| What you should do |
Starting at the line that contains "The Deno Web" in the listing below, write out every line word for word until you have written the line that contains "Boho Set 4 Ασημί".

| Entries supplied |
============

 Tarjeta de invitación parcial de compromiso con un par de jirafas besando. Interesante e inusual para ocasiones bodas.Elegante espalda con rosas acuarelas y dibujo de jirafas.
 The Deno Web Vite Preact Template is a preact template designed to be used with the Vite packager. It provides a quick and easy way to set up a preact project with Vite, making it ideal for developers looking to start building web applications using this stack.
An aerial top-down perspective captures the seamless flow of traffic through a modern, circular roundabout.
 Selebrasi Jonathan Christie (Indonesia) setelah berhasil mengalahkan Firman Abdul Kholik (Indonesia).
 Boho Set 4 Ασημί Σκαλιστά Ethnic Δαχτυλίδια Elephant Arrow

============

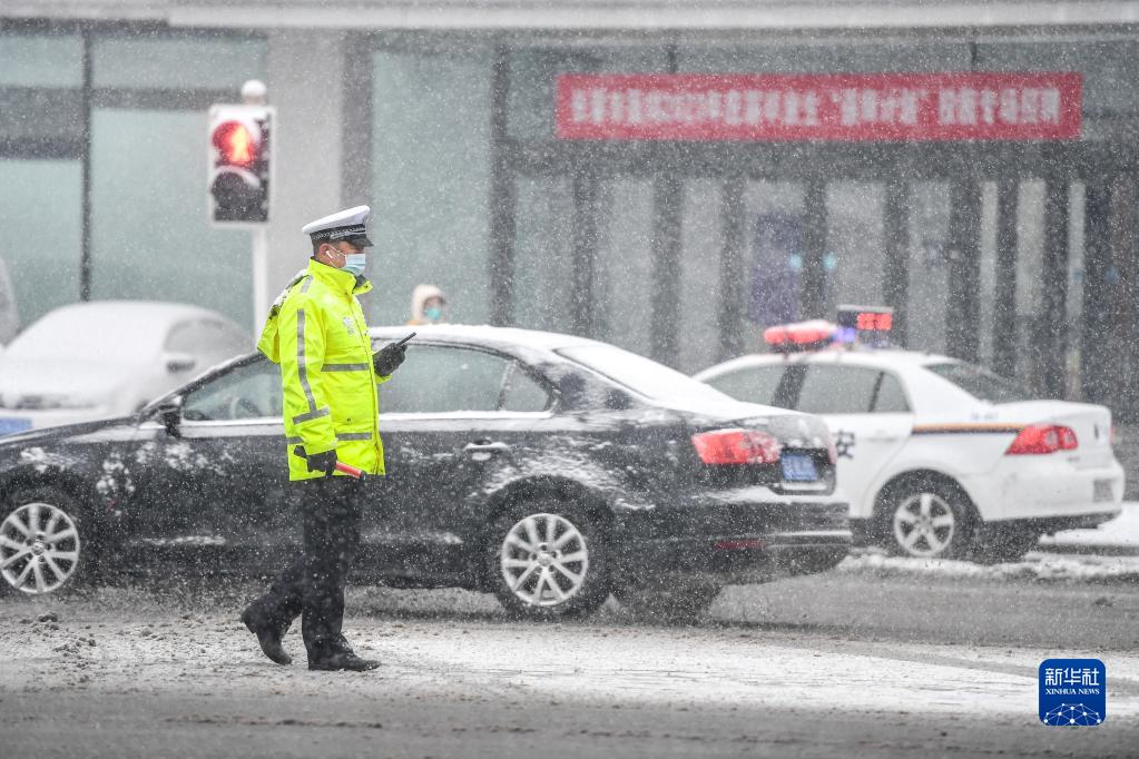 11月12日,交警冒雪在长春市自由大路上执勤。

============

| Task result |
 The Deno Web Vite Preact Template is a preact template designed to be used with the Vite packager. It provides a quick and easy way to set up a preact project with Vite, making it ideal for developers looking to start building web applications using this stack.
An aerial top-down perspective captures the seamless flow of traffic through a modern, circular roundabout.
 Selebrasi Jonathan Christie (Indonesia) setelah berhasil mengalahkan Firman Abdul Kholik (Indonesia).
 Boho Set 4 Ασημί Σκαλιστά Ethnic Δαχτυλίδια Elephant Arrow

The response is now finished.